Begin the copy at the line containing "Гринатом по адресу" and end it at the final line of the material below, reproducing each line exactly, without images.
____________
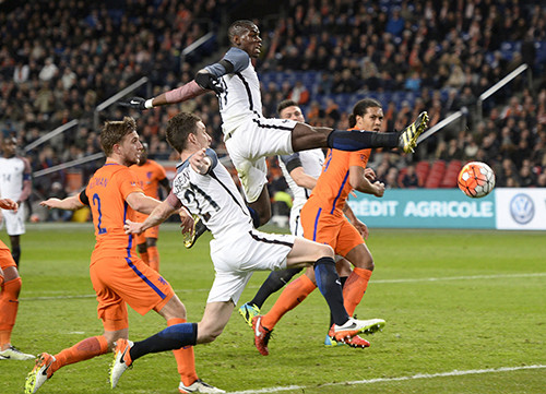 Đội khách mở tỷ số ngay phút thứ sáu nhờ cú đá phạt hàng rào đẹp mắt bằng chân trái của tiền đạo đang đạt phong độ cao ở Atletico Madrid, Antoine Griezmann,. Một phút trước khi trận đấu được tạm dừng để tưởng niệm Cruyff, Olivier Giroud nhân đôi lợi thế cho Pháp với cú ra chân từ trung tâm khu vực 16m50 trong một pha dàn xếp đá phạt góc.
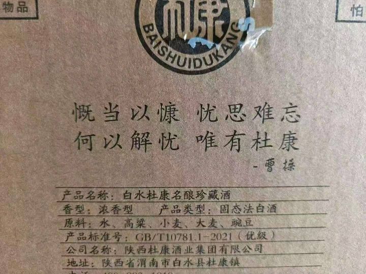 陕西白水杜康——名酿珍藏,浓香52度纯粮优级白酒,一...
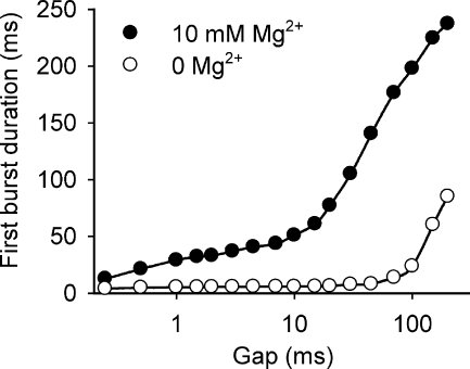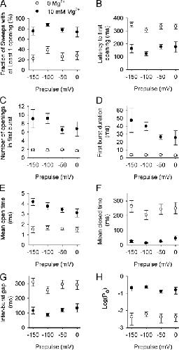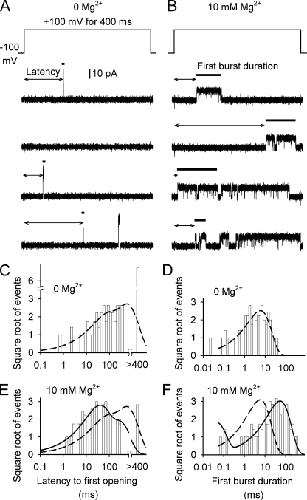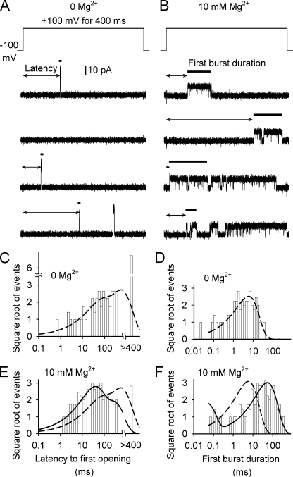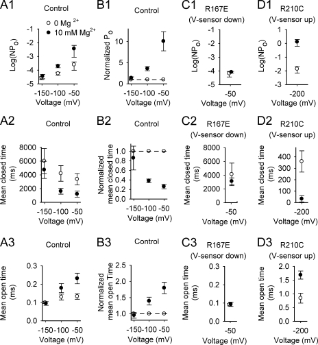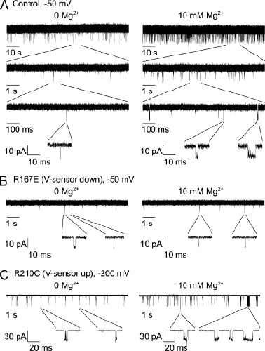BK channels are activated by intracellular Ca(2+) and Mg(2+) as well as by depolarization. Such activation is possible because each of the four subunits has two high-affinity Ca(2+) sites, one low-affinity Mg(2+) site, and a voltage sensor. This study further investigates the mechanism of Mg(2+) activation by using single-channel recording to determine separately the action of Mg(2+) on the open and closed states of the channel. To limit Mg(2+) action to the Mg(2+) sites, the two high-affinity Ca(2+) sites are disabled by mutation. When the voltage is stepped from negative holding potentials to +100 mV, we find that 10 mM Mg(2+) decreases the mean closed latency to the first channel opening 2.1-fold, decreases the mean closed interval duration 8.7-fold, increases mean burst duration 10.1-fold, increases the number of openings per burst 4.4-fold, and increases mean open interval duration 2.3-fold. Hence, Mg(2+) can bind to closed BK channels, increasing their opening rates, and to open BK channels, decreasing their closing rates. To explore the relationship between Mg(2+) action and voltage sensor activation, we record single-channel activity in macropatches containing hundreds of channels. Open probability (P(o)) is dramatically increased by 10 mM Mg(2+) when voltage sensors are activated with either depolarization or the mutation R210C. The increased P(o) arises from large decreases in mean closed interval durations and moderate increases in mean open interval durations. In contrast, 10 mM Mg(2+) has no detectable effects on P(o) or interval durations when voltage sensors are deactivated with very negative potentials or the mutation R167E. These observations are consistent with a model in which Mg(2+) can bind to and alter the gating of both closed and open states to increase P(o), provided that one or more voltage sensors are activated.
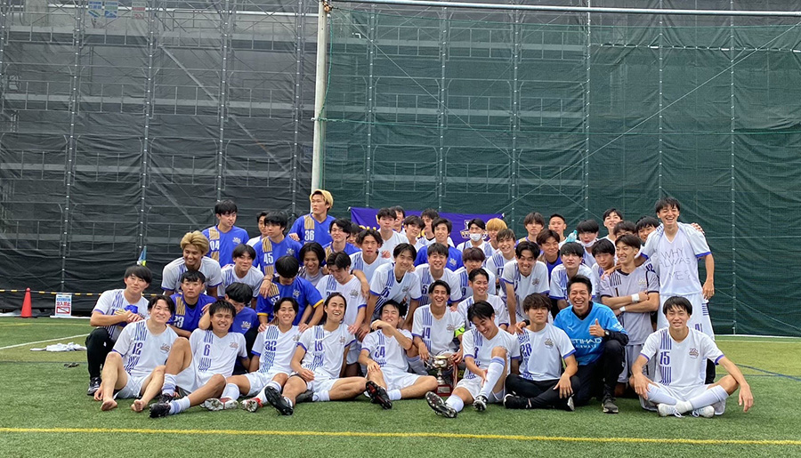 こんにちは、サッカー部です。サッカー部は八王子キャンパスの人工芝グラウンドで週に 4回 練習しています。休日は試合や練習を行います。東京都大学リーグ 1部昇格に向け、プレーヤーもマネージャーもより良いチームにしていこうと努力しています。コロナ禍でも各々が自主トレーニングをし、一人一人がチームにできることを考え実行してきました。サッカー部は学年関係なしに仲が良くアットホームな雰囲気の部活動です。コロナ禍で大学生活など不安が多いかもしれませんが、私たちとともに目標に向かって充実したキャンパスライフを過ごしましょう!
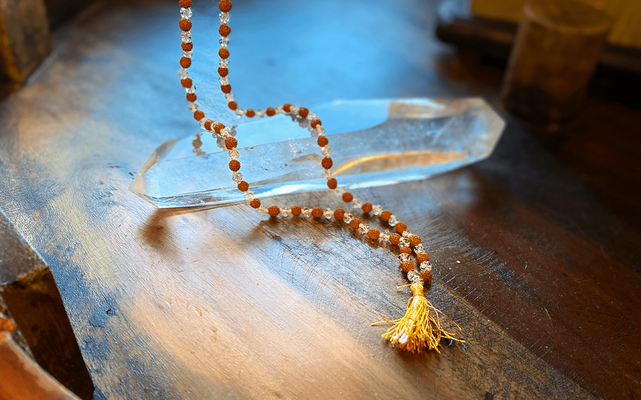 Clear Quartz: The “Master Healer,” clear quartz amplifies energy, thoughts, and intentions while harmonizing beautifully with rudraksha’s earthy vibration.
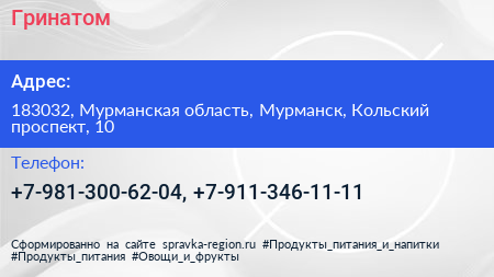 Гринатом по адресу 183032, Мурманская область, Мурманск, Кольский проспект, 10 в дальнейшем Организация, размещена в следующих категориях:
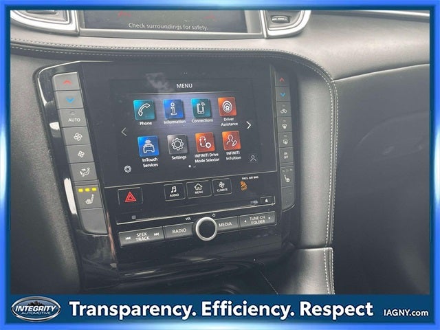 - Radio: AM/FM Audio System -inc: 6 speakers, INFINITI InTouch dual display system w/upper 8" and lower 7" touch screens, wireless Apple CarPlay, Android Auto, HD Radio technology, SiriusXM radio w/advanced audio features and 90-day complimentary trial, INFINITI voice recognition, INFINITI InTouch services, Siri eyes free and Wi-Fi hotspot
____________
_Written solution_
 Гринатом по адресу 183032, Мурманская область, Мурманск, Кольский проспект, 10 в дальнейшем Организация, размещена в следующих категориях:
 - Radio: AM/FM Audio System -inc: 6 speakers, INFINITI InTouch dual display system w/upper 8" and lower 7" touch screens, wireless Apple CarPlay, Android Auto, HD Radio technology, SiriusXM radio w/advanced audio features and 90-day complimentary trial, INFINITI voice recognition, INFINITI InTouch services, Siri eyes free and Wi-Fi hotspot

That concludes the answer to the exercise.